Description of the task — Could you print all the entries below exactly as they appear, omitting the pictures?

Saved entries
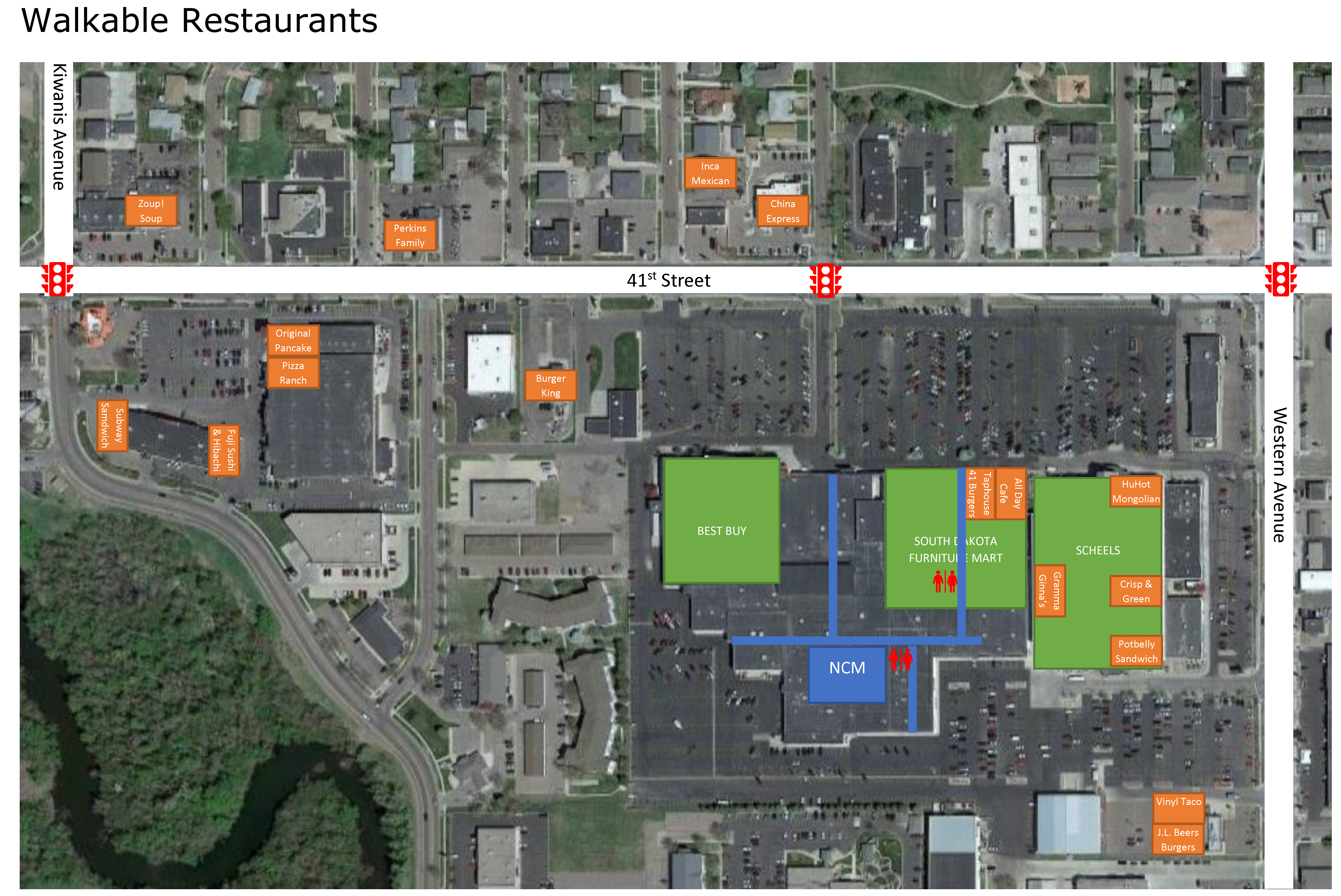 - Sidewalk along the “oxbow” part of the Sioux River along Kiwanis Avenue, south of 41st Street
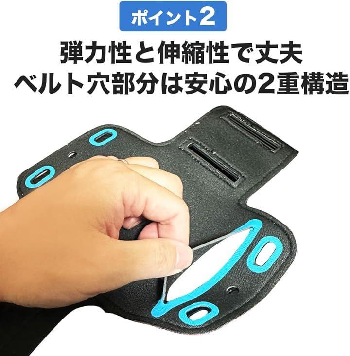 「弾力性と伸縮性で丈夫」 このアームバンドは、弾力性と伸縮性に優れた素材を使用しているため、耐久性が高く、激しい運動にも耐えられる丈夫さが特徴です。
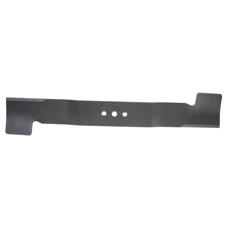 Długość noża wynosi 506 mm, a odległość otworów montażowych to 48 mm (mierzone od centrum do centrum). Wymiary otworów montażowych to 9 mm x 10,5 mm, a średnica centralna wynosi 11,5 mm. Te parametry zapewniają łatwy montaż i dopasowanie do różnych modeli kosiarki.
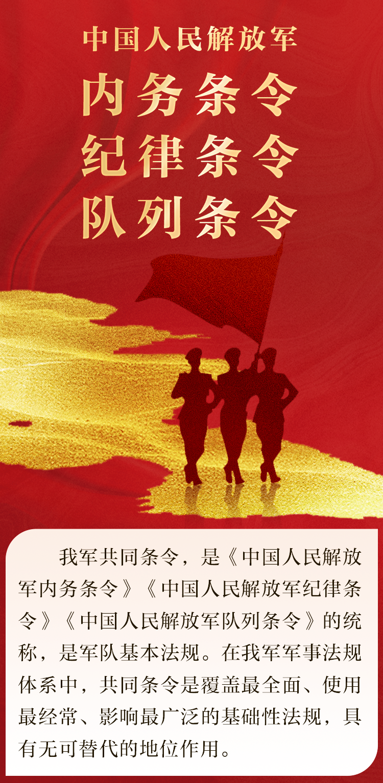 共同条令是《中国人民解放军内务条令》《中国人民解放军纪律条令》《中国人民解放军队列条令》的统称,是军队的基本法规。它覆盖军事活动的方方面面,大到我军性质宗旨、使命任务,小到穿衣戴帽、言谈举止,都有明确规定。无论将军还是士兵,不论是演习演练,还是探亲休假时,都要遵照执行。
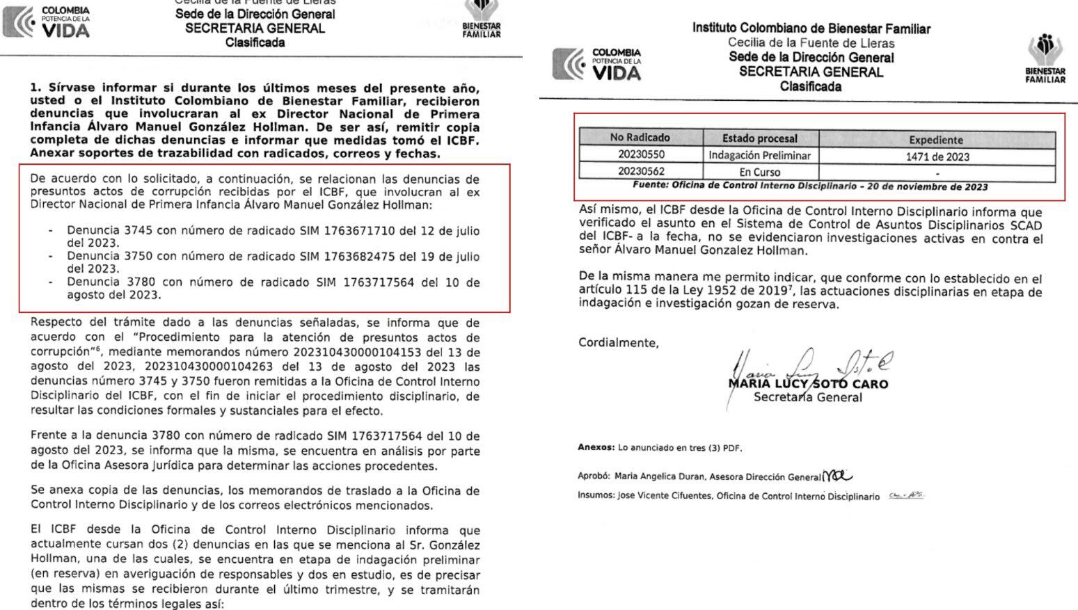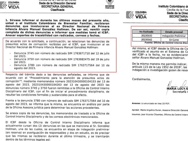 Finalmente, se conoció también el documento de respuesta por parte del ICBF, firmado por la secretaria general Maria Lucy Soto, ante el requerimiento público de conocer las denuncias en las que está involucrado Álvaro González y cómo van los procesos, dando cuenta de tres, de las cuales, una se encuentra en indagación preliminar y otra en curso, siendo la prueba reina de una presunta corrupción que está en investigación.

Answer below —
 - Sidewalk along the “oxbow” part of the Sioux River along Kiwanis Avenue, south of 41st Street
 「弾力性と伸縮性で丈夫」 このアームバンドは、弾力性と伸縮性に優れた素材を使用しているため、耐久性が高く、激しい運動にも耐えられる丈夫さが特徴です。
 Długość noża wynosi 506 mm, a odległość otworów montażowych to 48 mm (mierzone od centrum do centrum). Wymiary otworów montażowych to 9 mm x 10,5 mm, a średnica centralna wynosi 11,5 mm. Te parametry zapewniają łatwy montaż i dopasowanie do różnych modeli kosiarki.
 共同条令是《中国人民解放军内务条令》《中国人民解放军纪律条令》《中国人民解放军队列条令》的统称,是军队的基本法规。它覆盖军事活动的方方面面,大到我军性质宗旨、使命任务,小到穿衣戴帽、言谈举止,都有明确规定。无论将军还是士兵,不论是演习演练,还是探亲休假时,都要遵照执行。
 Finalmente, se conoció también el documento de respuesta por parte del ICBF, firmado por la secretaria general Maria Lucy Soto, ante el requerimiento público de conocer las denuncias en las que está involucrado Álvaro González y cómo van los procesos, dando cuenta de tres, de las cuales, una se encuentra en indagación preliminar y otra en curso, siendo la prueba reina de una presunta corrupción que está en investigación.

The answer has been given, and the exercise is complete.